Information provided below:
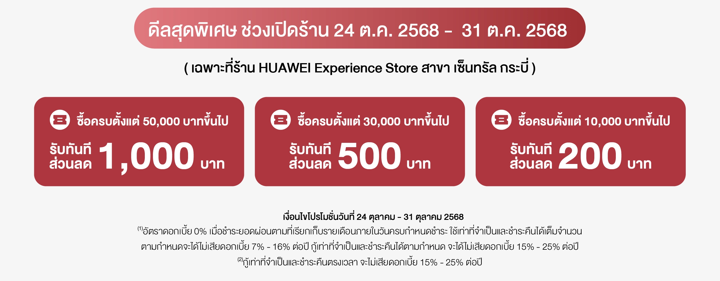 4. โปรโมชั่นนี้ ใช้ได้เฉพาะที่สาขา HUAWEI Authorized Experience Store at Central Krabi by UFicon เท่านั้น
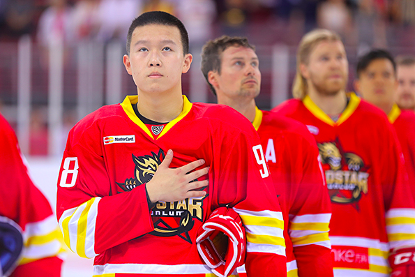 然后就是英达的儿子英如镝,应该说是目前最出名、成绩最好的冰球“星二代”了。去年,英如镝正式成为了自1953年以来第一位正式签约征战世界顶级冰球联赛(KHL)的中国球员。4岁就开始打冰球的英如镝也曾为了冰球而中断学业,个中辛苦恐怕只有打冰球的人自己才知道了。
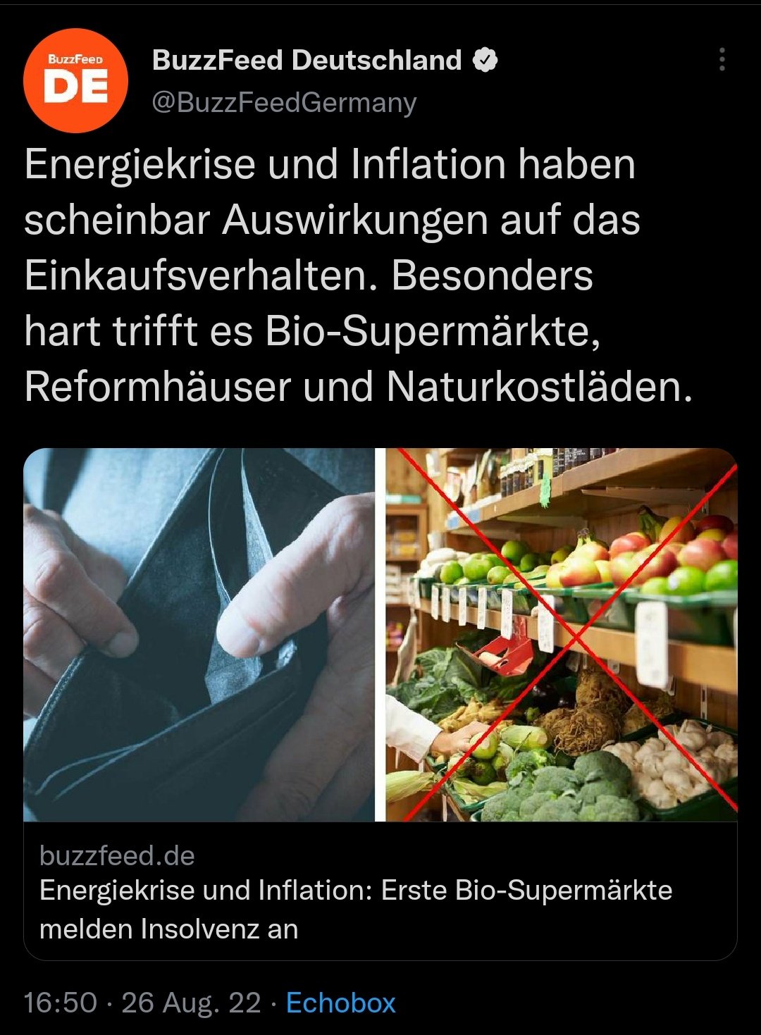 Für mich sieht es so aus, als ob man hier das Chaos, die Revolution unbedingt anfachen möchte. Und weil das Gas nun so teuer wird, gehen die Leute nicht mehr in den Bioladen und gehen wieder dazu über Schrott zu konsumieren.
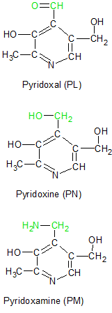 Vitamin B6 refers to a family of molecules that share a common ring structure. The three molecules vary only in their attached functional groups. Pyridoxine (PN), Pyridoxal (PL) and Pyridoxamine (PM) are the three unphosphorylated molecules, but each has a phosphorylated version abbreviated as PNP, PLP and PMP respectively. All six of these molecules can be converted into each other as needed, but the ring structure itself can't be assembled in people.
End of Information provided.
■ The problem ■
The lines to copy run from the line containing "然后就是英达的儿子英如镝,应" through the end of the data above; copy exactly those, minus the pictures.

■ Expected answer ■
 然后就是英达的儿子英如镝,应该说是目前最出名、成绩最好的冰球“星二代”了。去年,英如镝正式成为了自1953年以来第一位正式签约征战世界顶级冰球联赛(KHL)的中国球员。4岁就开始打冰球的英如镝也曾为了冰球而中断学业,个中辛苦恐怕只有打冰球的人自己才知道了。
 Für mich sieht es so aus, als ob man hier das Chaos, die Revolution unbedingt anfachen möchte. Und weil das Gas nun so teuer wird, gehen die Leute nicht mehr in den Bioladen und gehen wieder dazu über Schrott zu konsumieren.
 Vitamin B6 refers to a family of molecules that share a common ring structure. The three molecules vary only in their attached functional groups. Pyridoxine (PN), Pyridoxal (PL) and Pyridoxamine (PM) are the three unphosphorylated molecules, but each has a phosphorylated version abbreviated as PNP, PLP and PMP respectively. All six of these molecules can be converted into each other as needed, but the ring structure itself can't be assembled in people.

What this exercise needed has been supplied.